2019年に笄が出たにべ弓
さて、2018年に笄が起きたにべ弓の調整を書いてきましたが(【弓道】笄の修理後のにべ弓の調整)、今回は2019年に笄が出た弓の話です。試合の1週間前に笄が起きるという不運でしたが、21kgで強くて使いこなせておらず、本番は別の先生にお借りしていた19kgのにべ弓で出ましたが(2018年の笄の弓はまだ使えず)、結果は散々でした。
2018年の時にくらべれば、損傷は小さいのですが、傷の大小はあまり問題ではないですね。このままでは使えません。修理に出しました。
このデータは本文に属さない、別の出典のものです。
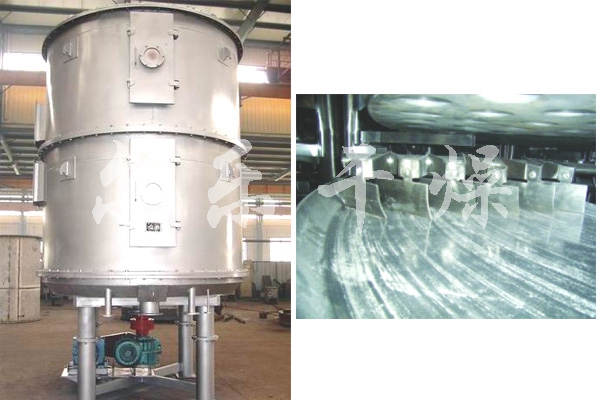 濕物料自加料器連續(xù)地加到干燥器上部一層干燥盤上,帶有耙葉的耙臂作回轉(zhuǎn)運(yùn)動(dòng)使耙臂作回轉(zhuǎn)運(yùn)動(dòng)使耙葉連續(xù)地翻抄物料。物料沿指數(shù)螺旋線流過(guò)干燥盤表面,在小干燥盤上的物料被移送到外緣,并在外緣落到下方的大干燥盤外緣,在大干盤上物料向里移動(dòng)并從中間落料口落如下一層小干燥盤中。大小干燥盤上下交替排列,物料得以連續(xù)地流過(guò)整個(gè)干燥器。中空的干燥盤內(nèi)通入加熱介質(zhì),加熱介質(zhì)形式有飽和蒸汽、熱水和導(dǎo)熱油,加熱介質(zhì)由干燥盤的一端進(jìn)入,從另一端導(dǎo)出。已干物料從后一層干燥盤落到殼體的底層,最后被耙葉移送到出料口排出。濕份從物料中逸出,由設(shè)在頂蓋上的排濕口排出,真空型盤式干燥器的濕氣由設(shè)在頂蓋上的真空泵口排出。從底層排出的干物料可直接包裝。通過(guò)配加翅片加熱器、溶劑回收冷凝器、袋式除塵器、干料返混機(jī)構(gòu)、引風(fēng)機(jī)等輔機(jī),可提高其干燥的生產(chǎn)能力,干燥膏糊狀和熱敏性物 料,可方便地回收溶劑,并能進(jìn)行熱解和反應(yīng)操作。

私はもともと笄は多くない方と思っていましたが、2017年から3年連続出してしまっています。手の内が悪いのでしょうね…。
ちなみに、2017年と2018年の笄は派手だったので、きれいに動画に残っています(笑)。ただ、2019年のは終わってから気付きました。
この弓は師範の師範が使われていた弓で、その師範の息子さんに渡って、その息子さんが亡くなって弓具店に戻ってきたものだそうです。その弓具店さんと師範が懇意で、師範の元に連絡が来て、師範が私に連絡を下さって、10年ほど前に中古で購入させて頂いたものです。たぶん50年以上前の弓です。
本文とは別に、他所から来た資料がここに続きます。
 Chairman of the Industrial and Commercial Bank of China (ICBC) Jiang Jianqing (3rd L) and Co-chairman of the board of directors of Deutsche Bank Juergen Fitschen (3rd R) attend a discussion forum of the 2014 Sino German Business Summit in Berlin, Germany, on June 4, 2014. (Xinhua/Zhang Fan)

昨年はそんな弓に笄を出してしまい、超ショックでした。試合前というより、この弓に笄を出したことがショックでした。
私は師範が使っていて調整した弓を引いて感動した、という経験があって(弓を育てる。にべ弓の管理ができるようになったかな、と思えた瞬間。←今回加筆修正しました) にべ弓を引いています。
この弓を購入した時、師範の師範の弓で、しかも師範の使っていた弓よりさらに強い弓で、これをしっかり使いこなせたらどんなに迫力のある良い射がでるのだろう、と思い描いていました。筋力をあげて、この弓を引きこなせるようになりたい、と思っていました。この弓を使いこなす、というのが私の弓道の目標でもありました。
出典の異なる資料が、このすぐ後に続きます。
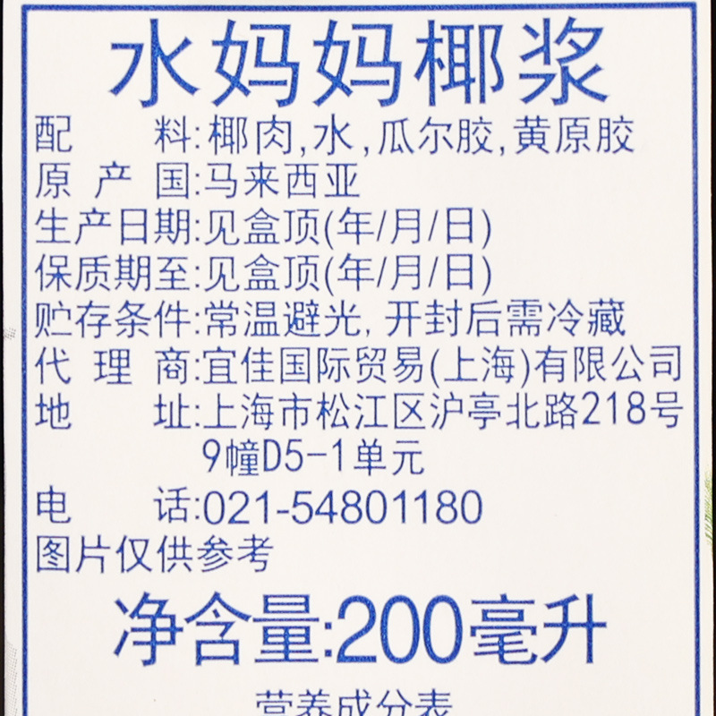 Сырьё и ингредиенты Coconut meat, water, melon glue, xanthan gum, etc., subject to the actual information on the outer packaging of the product

当時結構この弓を使っていると、弓に詳しい方からは「もはやこれは芸術品で、壊れたら大変だから使うな」と言われることが多かったのですが…、やはり壊れてしまいました。
もちろん師範は使うつもりで私に購入をすすめてくれたと思うので、使ったことに後悔はないのですが、直るかどうかとても不安でした。
今回修理していただけ本当に良かったです。
修理が終わって戻ってきたのが4月、半年待って外す
4月に戻ってきたのですが、2018年の笄の弓が、少し早く外してしまった感じだったので、今回は粘りました。
ということで、先日外しました。
裏反りは1日経って18cm…、むむむ…思っていたよりは少なめ…、調整するにはもう少し欲しかったですね。これだと張り込みしにくい。なので、長期間張り込むのが良いわけでは無いようです。もちろん弓によると思うので、この弓はこれくらいなのかもしれません。(写真ではあるように見えますが、実際の感覚ではちょっと物足りない感じです)
と、思って、この弓の昔の笄前の裏反りの写真が残っていました。
2019年6月の裏反りです
この時は15cmでしたね。これなら18cmでも調整しがいがあって良い気がしてきました。この時点では50年近くの枯れた弓なので、これ以上裏反りが極端に深くなることは、ほぼありません。
たまたまですが、新弓と裏反りが同じくらい
新弓と並べてみると、裏反りが丁度同じくらいでした。
裏反りが揃うと気持ち良いですね、もう一張のにべ弓は、もう少し裏反りが強いです。
二張揃いの話
昔師範に『「二張揃い」って知ってるか』と聞かれたことがあります。
弓師さんが、同時に作って、強さも節も成りも裏反りも全く揃っている二張のことだそうです。
二張作って二張が同じになるわけではないので、実際にはもっと同じ条件の弓を複数張作って、揃ったのを二張揃いとするようです。
師範も見たことがあるそうですが、そのお持ちの先生が亡くなって(師範の先生にあたる先生なので相当昔の先生です。師範の師範とはまた別の先生です。)、形見分けで二張が別々の人のところに行ったので意味がなかった、と殘念がっておられた昔話を思い出しました。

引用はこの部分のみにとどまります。